My Lords, I think that my noble friend has inadvertently answered the question of when it will be done. It is quite clear, reading between the lines, that the Home Office does not intend to do it ever. So do the Home Office, he and the Home Secretary still stand by the promise of the then Home Secretary in 2012 that this would be put on a statutory footing?
If I may say so, the Home Office, in drafting my noble friend’s speech, has been a bit disingenuous. It knows fine I am not opposed to the schedule. The schedule was the mechanism by which we could debate the principle of the college not being on a statutory footing. I discussed this with the Public Bill Office. I looked at various ALBs, including the two of which I am a member, and asked the staff whether I could lift 12 clauses from one of them, change the name to the College of Policing and lift the schedule. They said, “That would be 12 clauses to debate. It would be easier, Lord Blencathra, just to find a mechanism to say that the college must be put on a statutory footing before this schedule is approved.”

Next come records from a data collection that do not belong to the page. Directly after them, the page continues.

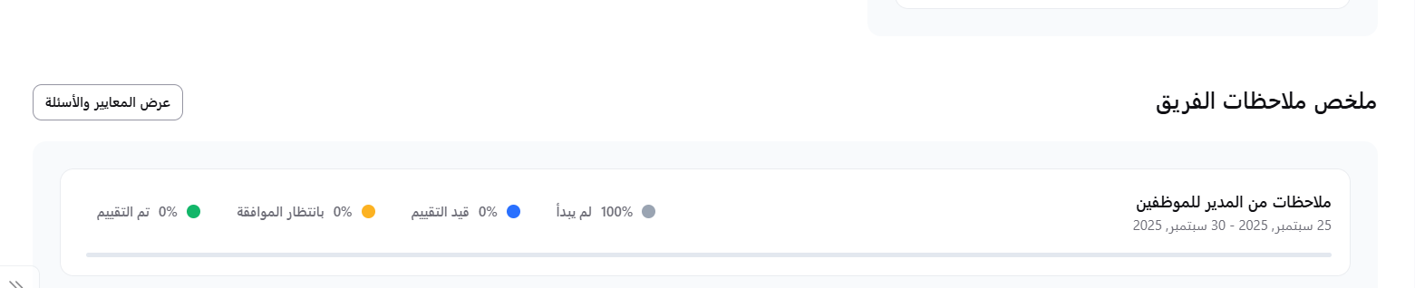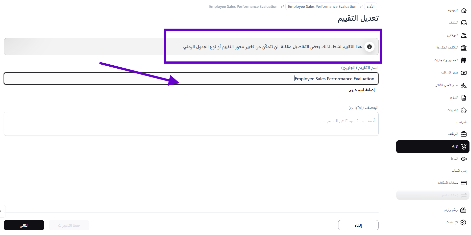 ٣. يمكن تعديل "تفاصيل النموذج" و "المعايير"، مثل اسم النموذج، والوصف، وأسماء المعايير، والمجموعات. ولكن، لا يمكن تعديل "نوع النموذج".آلية التقييم - تقييم الموظف لنفسه، تقييمه للمدير أو تقييم المدير له- ويمكن تفعيل معايير لآلية كانت مغلقة - تقييم الموظف لنفسه، تقييمه للمدير أو تقييم المدير له- في حال لم يقيم أيََا من الموظفين في التقييم.
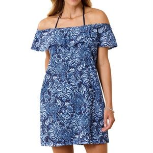 Tommy Bahama Harbour Eyelet Print Off The Shoulder Dress Cover Up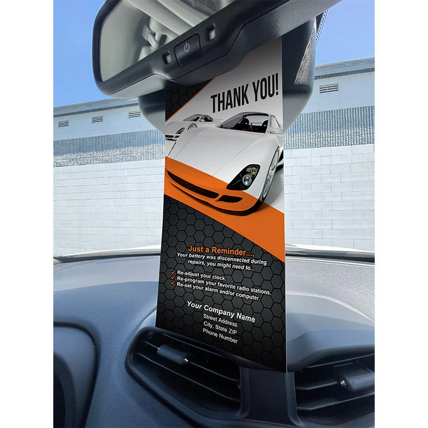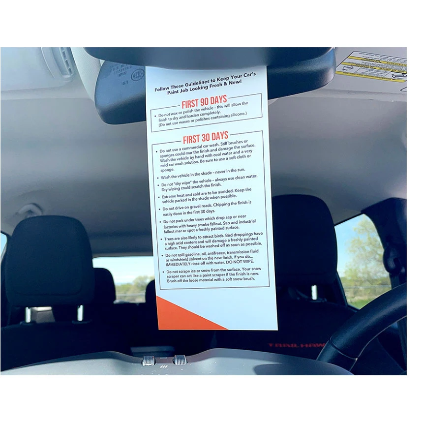 2-Sided Hang Tag with the front side providing a Thank You, a reminder for resetting pre-set items, and personalization with the company name. The back side explains how to take care of fresh paint after the car is delivered, from washing and parking tips to sun protection and rock chips. This simple instructional hang tags will provide confidence to your customer by helping them care for their beautiful new paint.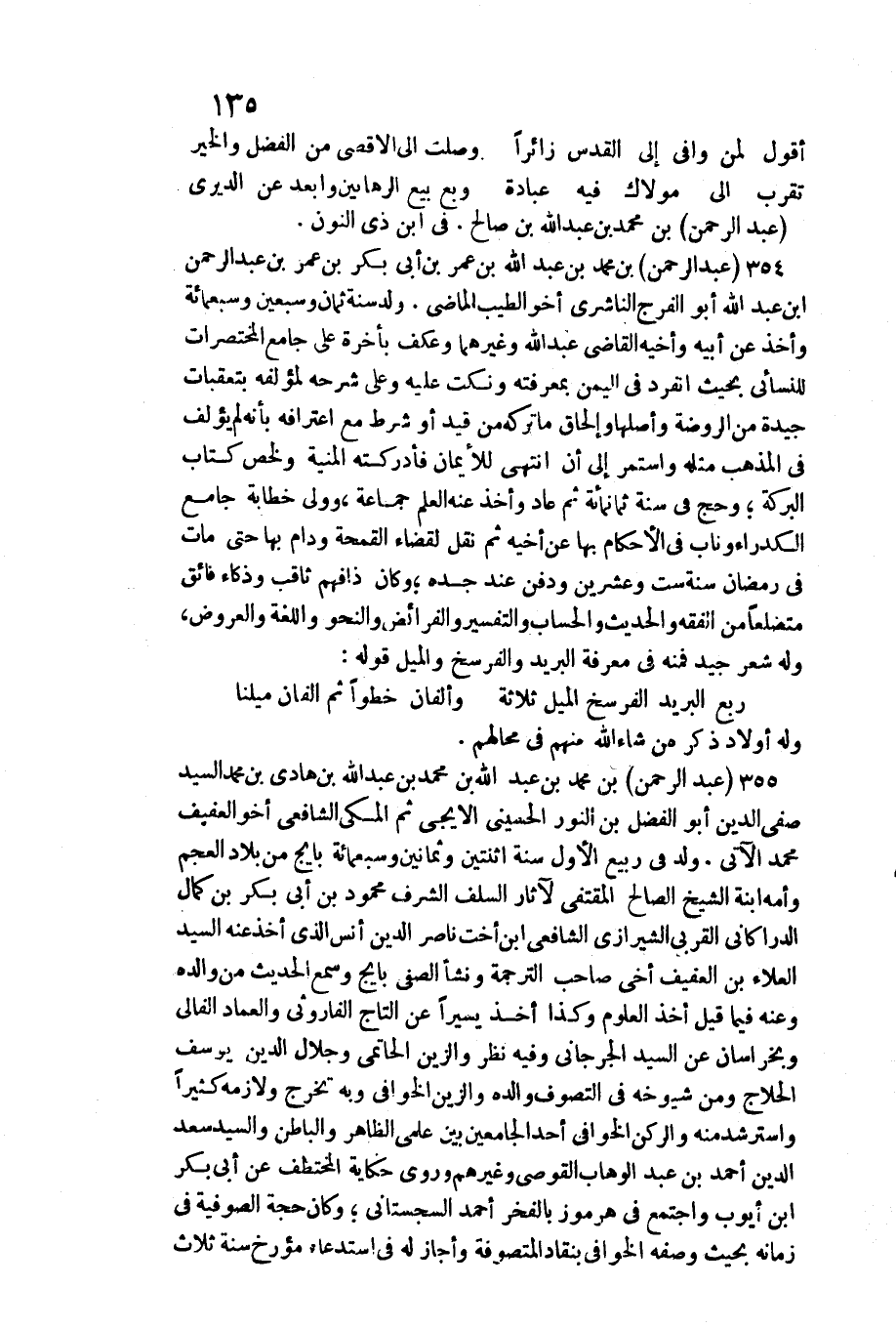 354 - عبد الرَّحْمَن بن مُحَمَّد بن عبد الله بن عمر بن أبي بكر بن عمر بن عبد الرَّحْمَن ابْن عبد الله أَبُو الْفرج النَّاشِرِيّ أَخُو الطّيب / الْمَاضِي. ولد سنة ثَمَان وَسبعين وَسَبْعمائة وَأخذ عَن أَبِيه وأخيه القَاضِي عبد الله وَغَيرهمَا وَعَكَفَ بِأخرَة على جَامع المختصرات للنسائي بِحَيْثُ انْفَرد فِي الْيمن بمعرفته ونكت عَلَيْهِ وعَلى شَرحه لمؤلفه بتعقبات جَيِّدَة من الرَّوْضَة وَأَصلهَا إِلْحَاق مَا تَركه من قيد أَو شَرط مَعَ اعترافه بِأَنَّهُ لم يؤلف فِي الْمَذْهَب مثله وَاسْتمرّ إِلَى أَن انْتهى للأيمان فَأَدْرَكته الْمنية ولخص كتاب الْبركَة وَحج فِي سنة ثَمَانمِائَة ثمَّ عَاد وَأخذ عَنهُ الْعلم جمَاعَة، وَولي خطابة جَامع الكدراء وناب فِي الْأَحْكَام بهَا عَن أَخِيه ثمَّ نقل لقَضَاء القمحة ودام بهَا حَتَّى مَاتَ فِي رَمَضَان سنة سِتّ وَعشْرين وَدفن عِنْد جده وَكَانَ ذَا فهم ثاقب وذكاء فائق متضلعا من الْفِقْه والْحَدِيث والحساب وَالتَّفْسِير والفرائض والنحو واللغة وَالْعرُوض، وَله شعر جيد فَمِنْهُ فِي معرفَة الْبَرِيد والفرسخ والميل قَوْله:
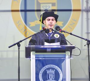 DR. AnGELOS SOUKOVELOS, a native of Greece, was named the salutatorian of Xavier University School of Medicine’s Class of 2024. Angelos has always been a remarkable individual. Completing both his undergraduate and master’s degrees in Psychology in Arizona by the age of 19, his early academic success set the stage for a future marked by extraordinary achievements. Driven by a profound desire to serve and a keen interest in the complexities of the human mind and body, Angelos transitioned to medicine, enrolling in the 5 1⁄2 year Pre-Med to MD program at Xavier University School of Medicine.

I am not opposed to the schedule—no one is. It was a mechanism in order that we could debate the principle. I must say that I am rather concerned by my noble friend’s reply—but also how delighted I am that, on this occasion, the noble Lord, Lord Paddick, and I are on the same side, despite some strenuous disagreements in the past few weeks. I must say to my noble friend that, if I had realised, and had had the nous and wit
beforehand to discuss with the Lib Dems and possibly the Labour Party what this amendment was about, we could have had agreement tonight and I could have forced it to the vote and won it. Of course, I am not going to do that tonight, but I can tell the Home Office that this issue will not go away. I detect the mood among other parties here, and I hope among my noble friends as well, that we must honour the Home Secretary’s promise to have this body put on a statutory footing.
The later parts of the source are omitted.